Task directions:
Once the pictures are set aside, reproduce all of the records exactly.

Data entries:

----------

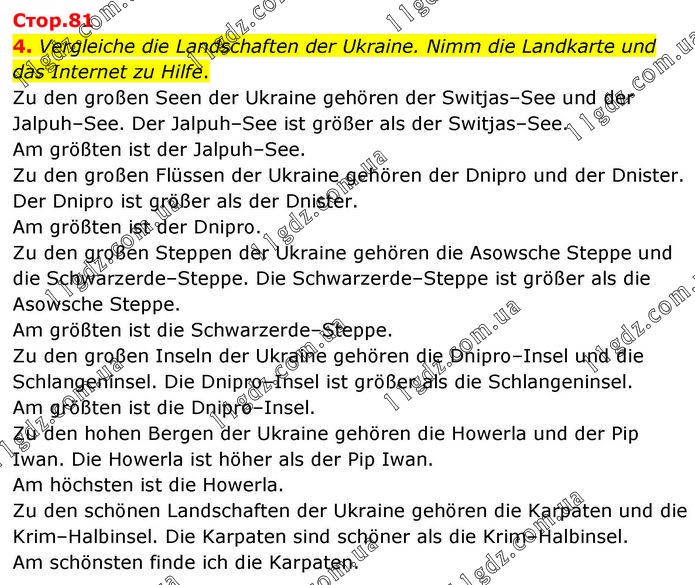 Vergleiche die Landschaften der Ukraine. Nimm die Landkarte und das Internet zu Hilfe. Zu den großen Seen der Ukraine gehören der Switjas–See und der Jalpuh–See. Der Jalpuh–See ist größer als der Switjas–See. Am größten ist der Jalpuh–See. Zu den großen Flüssen der Ukraine gehören der Dnipro und der Dnister. Der Dnipro ist größer als der Dnister. Am größten ist der Dnipro. Zu den großen Steppen der Ukraine gehören die Asowsche Steppe und die Schwarzerde–Steppe. Die Schwarzerde–Steppe ist größer als die Asowsche Steppe. Am größten ist die Schwarzerde–Steppe. Zu den großen Inseln der Ukraine gehören die Dnipro–Insel und die Schlangeninsel. Die Dnipro–Insel ist größer als die Schlangeninsel. Am größten ist die Dnipro–Insel. Zu den hohen Bergen der Ukraine gehören die Howerla und der Pip Iwan. Die Howerla ist höher als der Pip Iwan. Am höchsten ist die Howerla. Zu den schönen Landschaften der Ukraine gehören die Karpaten und die Krim–Halbinsel. Die Karpaten sind schöner als die Krim–Halbinsel. Am schönsten finde ich die Karpaten.
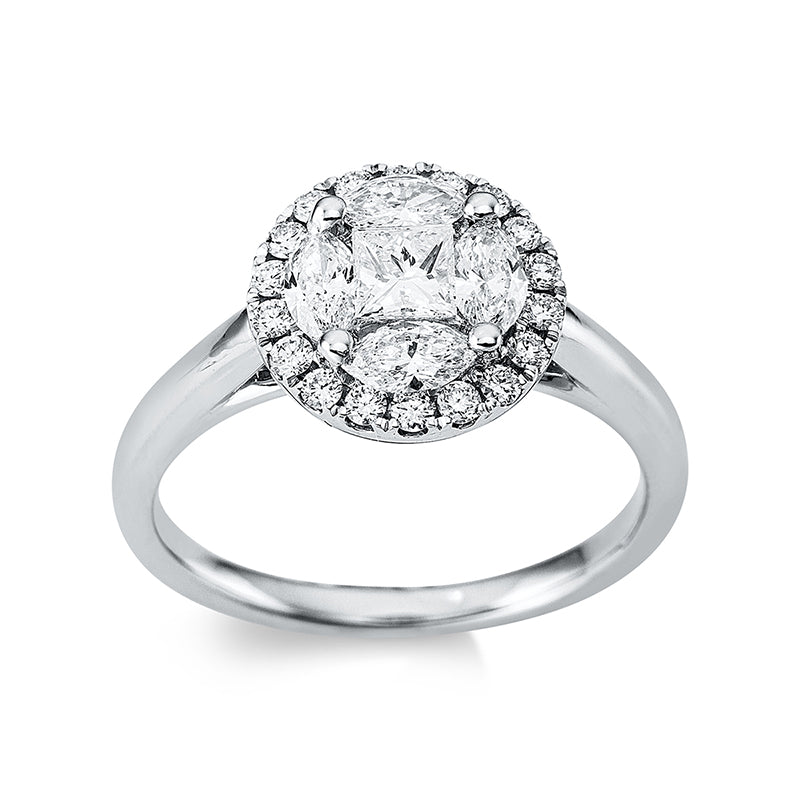 Ring 18 kt WG, 18 Brillanten 0,25 ct, TW-si, 4 Navette 0,52 ct, TW-si, 1 Princ. 0,23 ct, TW-si, Ø:10,6 mm, Weite:54
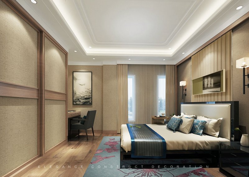 在整個設(shè)計中,室內(nèi)內(nèi)部裝飾多采用簡潔、硬朗的直線條,既迎合了中式家具追求內(nèi)斂、質(zhì)樸的設(shè)計風(fēng)格,又反映出現(xiàn)代人追求簡單生活的居住品味。中式元素的運用,使整體空間感更加豐富,大而不空、厚而不重,有格調(diào)又不顯壓抑。
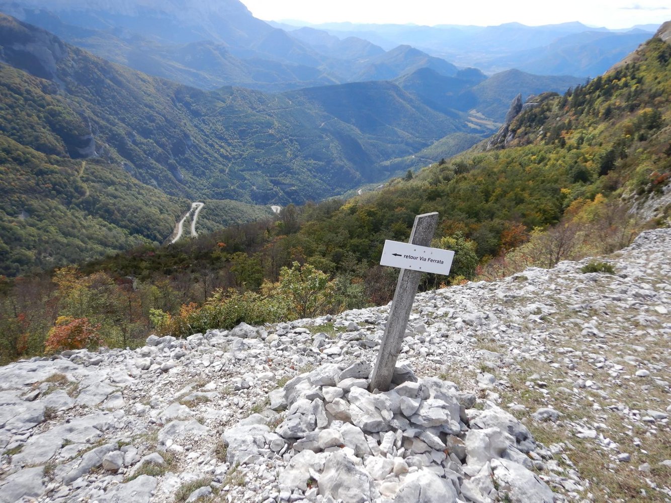 Den Steinmännchen nach links folgen. Dann weiter abwärts auf einem teilweise versicherten Pfad. Dann auf einem Wanderweg im Wald, der zum Pass zurückdreht.
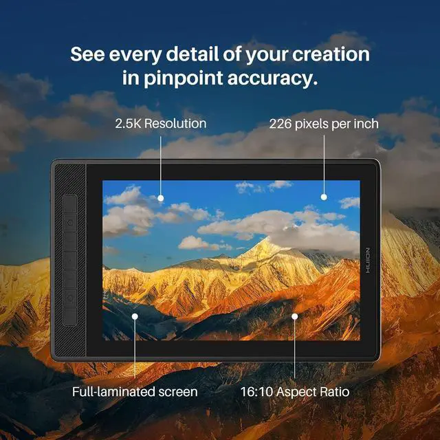 Outstanding Visuals: With 2560x1600 QHD resolution and a high pixel density of 226ppi, the Huion Kamvas Pro 13 (2.5K) digital drawing tablet will show every detail of your creation in striking clarity.
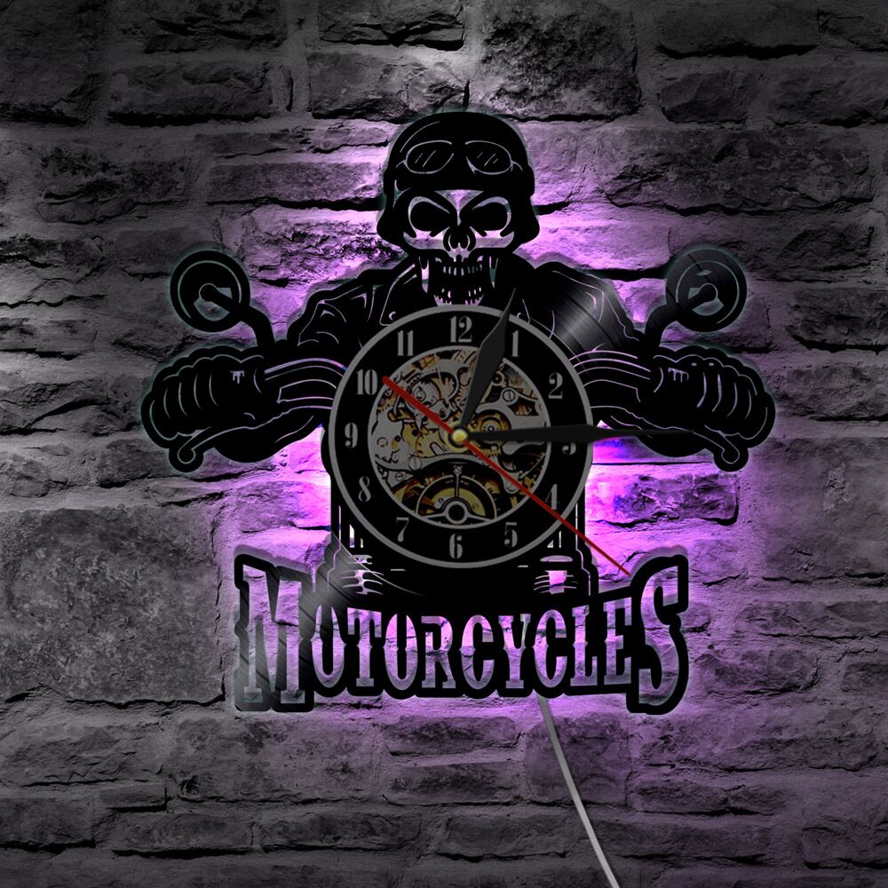 Cette Horloge Murale Tête de Mort dispose sur option d’un éclairage LED multicolore contrôlé par télécommande.

----------

Result below:
 Vergleiche die Landschaften der Ukraine. Nimm die Landkarte und das Internet zu Hilfe. Zu den großen Seen der Ukraine gehören der Switjas–See und der Jalpuh–See. Der Jalpuh–See ist größer als der Switjas–See. Am größten ist der Jalpuh–See. Zu den großen Flüssen der Ukraine gehören der Dnipro und der Dnister. Der Dnipro ist größer als der Dnister. Am größten ist der Dnipro. Zu den großen Steppen der Ukraine gehören die Asowsche Steppe und die Schwarzerde–Steppe. Die Schwarzerde–Steppe ist größer als die Asowsche Steppe. Am größten ist die Schwarzerde–Steppe. Zu den großen Inseln der Ukraine gehören die Dnipro–Insel und die Schlangeninsel. Die Dnipro–Insel ist größer als die Schlangeninsel. Am größten ist die Dnipro–Insel. Zu den hohen Bergen der Ukraine gehören die Howerla und der Pip Iwan. Die Howerla ist höher als der Pip Iwan. Am höchsten ist die Howerla. Zu den schönen Landschaften der Ukraine gehören die Karpaten und die Krim–Halbinsel. Die Karpaten sind schöner als die Krim–Halbinsel. Am schönsten finde ich die Karpaten.
 Ring 18 kt WG, 18 Brillanten 0,25 ct, TW-si, 4 Navette 0,52 ct, TW-si, 1 Princ. 0,23 ct, TW-si, Ø:10,6 mm, Weite:54
 在整個設(shè)計中,室內(nèi)內(nèi)部裝飾多采用簡潔、硬朗的直線條,既迎合了中式家具追求內(nèi)斂、質(zhì)樸的設(shè)計風(fēng)格,又反映出現(xiàn)代人追求簡單生活的居住品味。中式元素的運用,使整體空間感更加豐富,大而不空、厚而不重,有格調(diào)又不顯壓抑。
 Den Steinmännchen nach links folgen. Dann weiter abwärts auf einem teilweise versicherten Pfad. Dann auf einem Wanderweg im Wald, der zum Pass zurückdreht.
 Outstanding Visuals: With 2560x1600 QHD resolution and a high pixel density of 226ppi, the Huion Kamvas Pro 13 (2.5K) digital drawing tablet will show every detail of your creation in striking clarity.
 Cette Horloge Murale Tête de Mort dispose sur option d’un éclairage LED multicolore contrôlé par télécommande.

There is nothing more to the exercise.